What needs to be done: From the listing below, restate word for word the lines from the line containing "十四張豎式時(shí)尚花邊韓版臺(tái)歷-金馬送福" down through the line containing "Cascading from a". Exclude pictures.

*** Input records ***

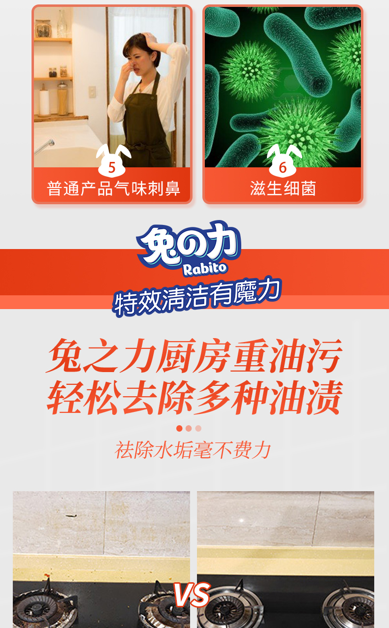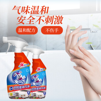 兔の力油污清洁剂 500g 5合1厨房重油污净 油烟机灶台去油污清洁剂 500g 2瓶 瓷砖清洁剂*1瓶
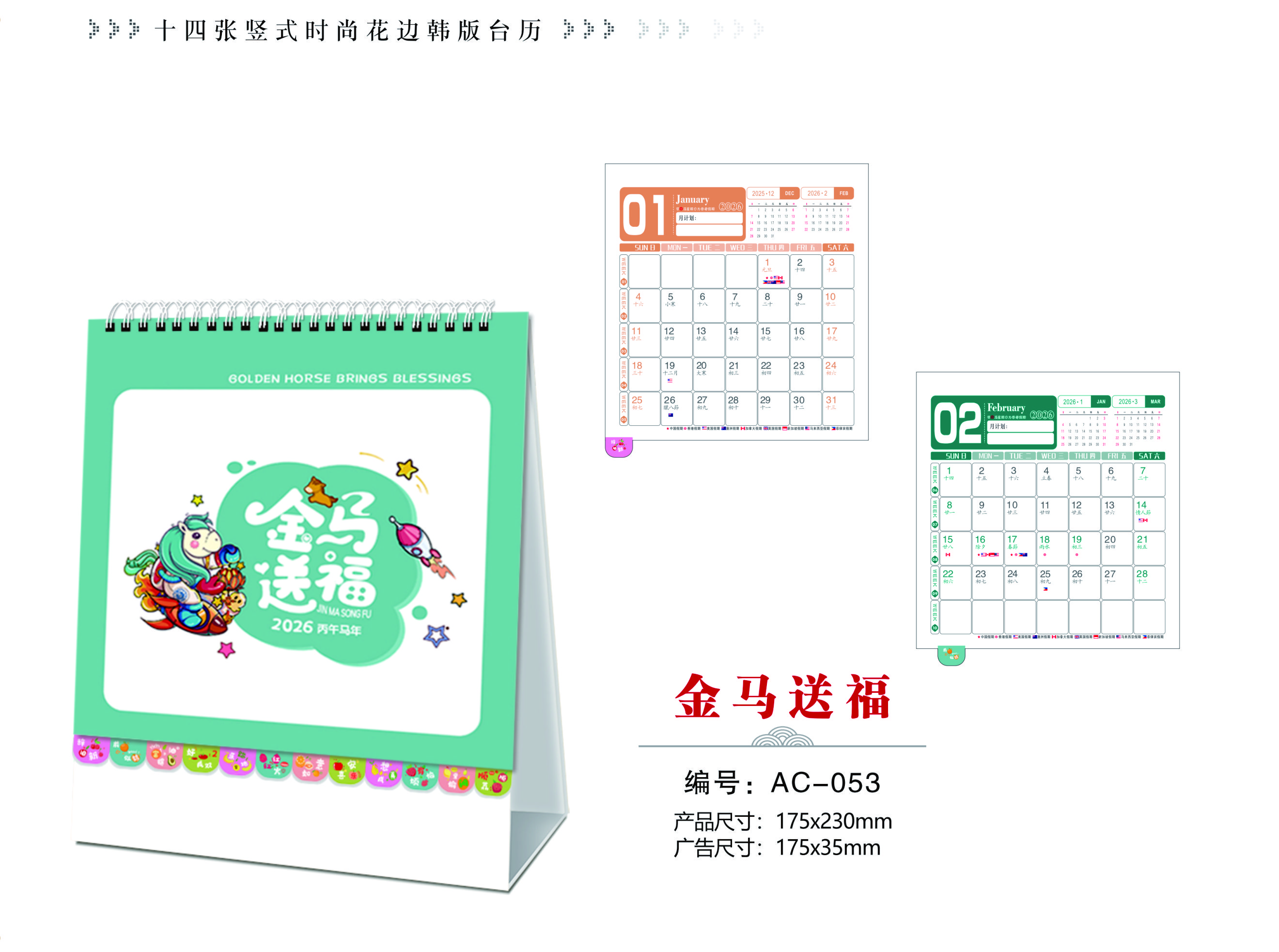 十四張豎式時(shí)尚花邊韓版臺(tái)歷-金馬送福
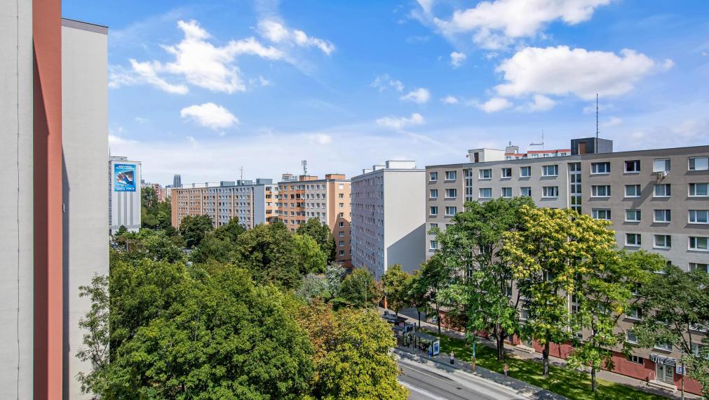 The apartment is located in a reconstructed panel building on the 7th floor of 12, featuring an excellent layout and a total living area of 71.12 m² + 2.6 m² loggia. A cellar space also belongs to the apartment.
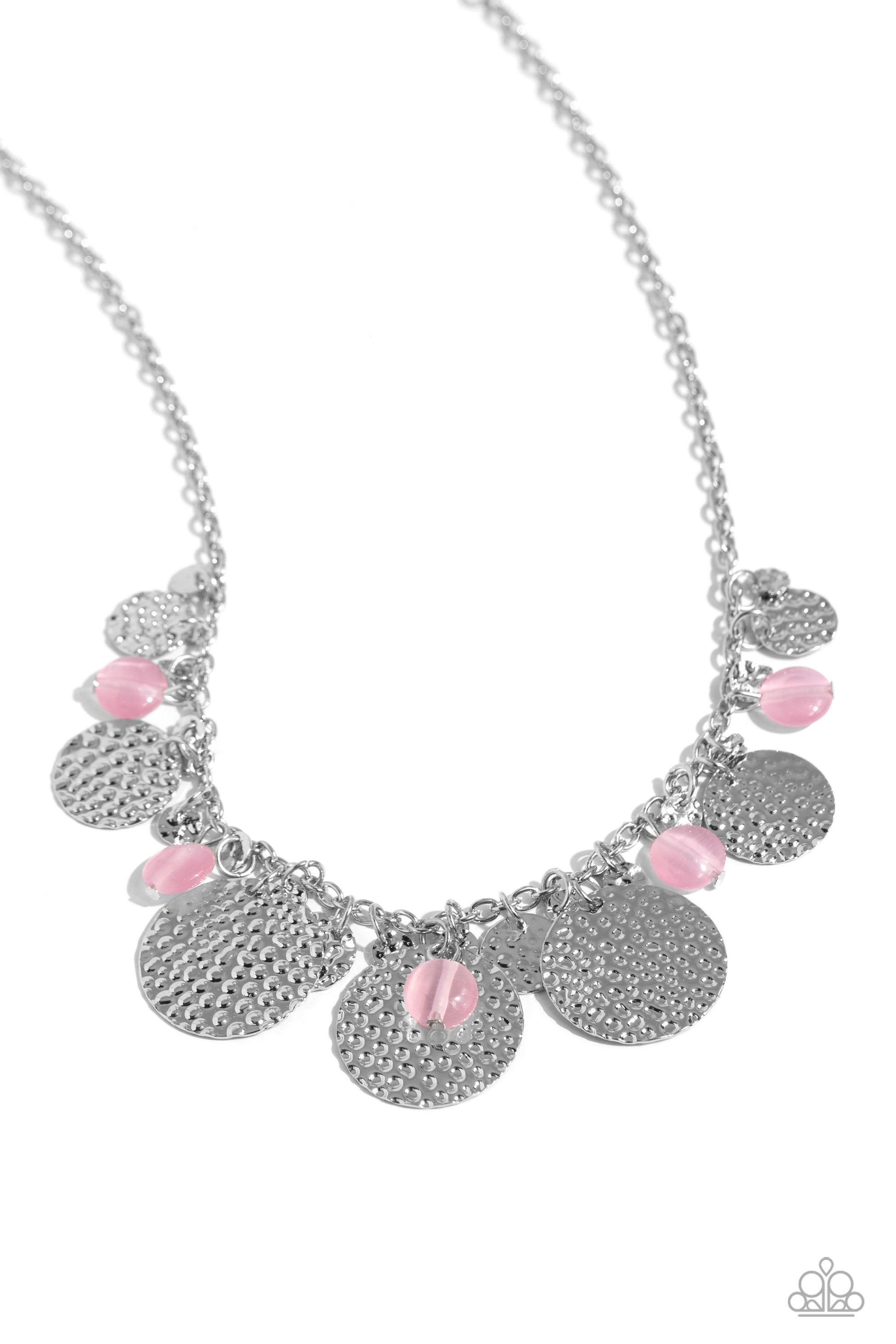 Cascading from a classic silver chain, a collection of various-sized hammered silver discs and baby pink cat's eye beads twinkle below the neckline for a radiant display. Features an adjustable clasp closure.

*** End of Input records ***
*** Input records ***

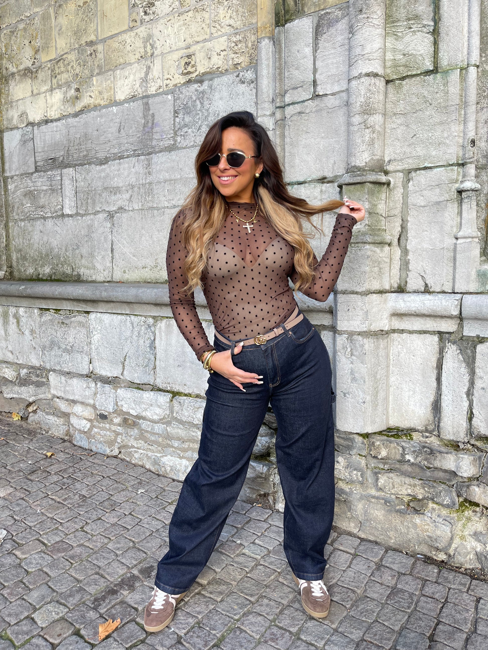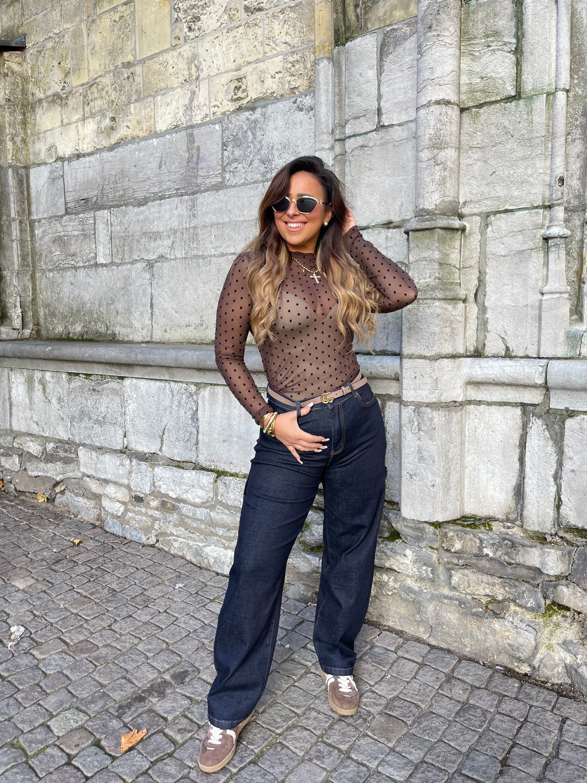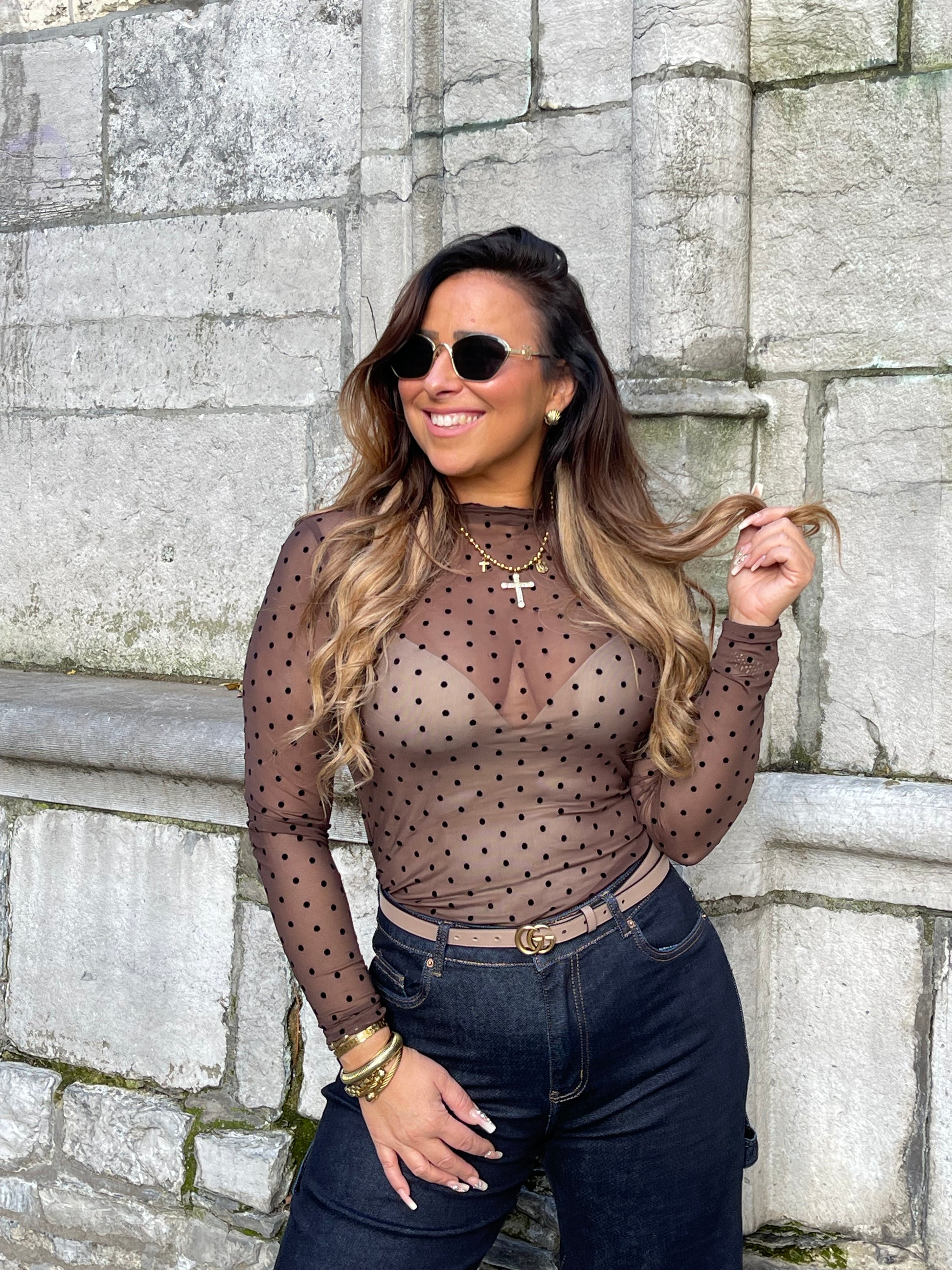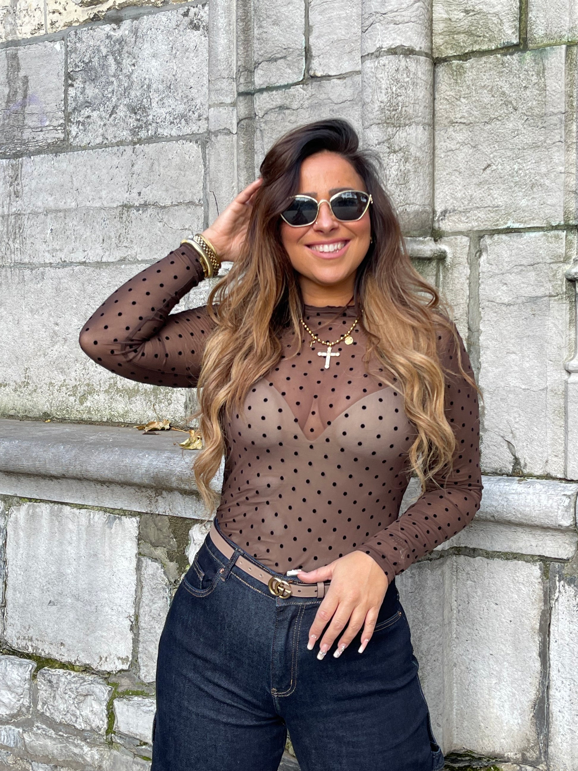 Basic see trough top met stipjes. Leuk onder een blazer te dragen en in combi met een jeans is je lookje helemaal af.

*** End of Input records ***
*** Input records ***

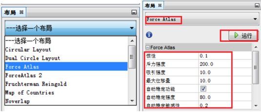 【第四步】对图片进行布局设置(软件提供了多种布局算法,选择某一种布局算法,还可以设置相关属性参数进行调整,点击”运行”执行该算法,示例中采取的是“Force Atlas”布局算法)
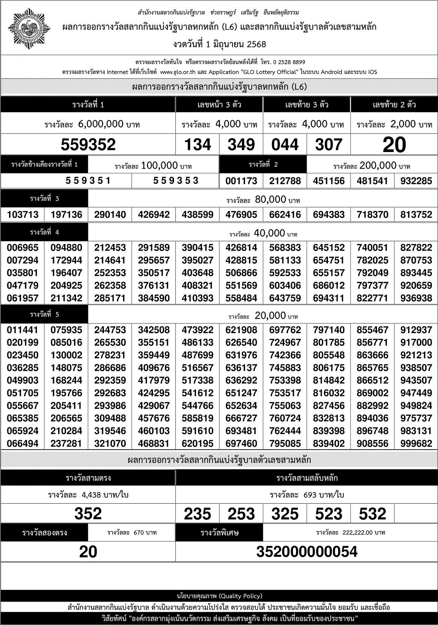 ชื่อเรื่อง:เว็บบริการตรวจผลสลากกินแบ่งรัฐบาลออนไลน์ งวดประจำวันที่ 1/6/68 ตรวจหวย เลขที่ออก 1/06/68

*** End of Input records ***

Result:
 十四張豎式時(shí)尚花邊韓版臺(tái)歷-金馬送福
 The apartment is located in a reconstructed panel building on the 7th floor of 12, featuring an excellent layout and a total living area of 71.12 m² + 2.6 m² loggia. A cellar space also belongs to the apartment.
 Cascading from a classic silver chain, a collection of various-sized hammered silver discs and baby pink cat's eye beads twinkle below the neckline for a radiant display. Features an adjustable clasp closure.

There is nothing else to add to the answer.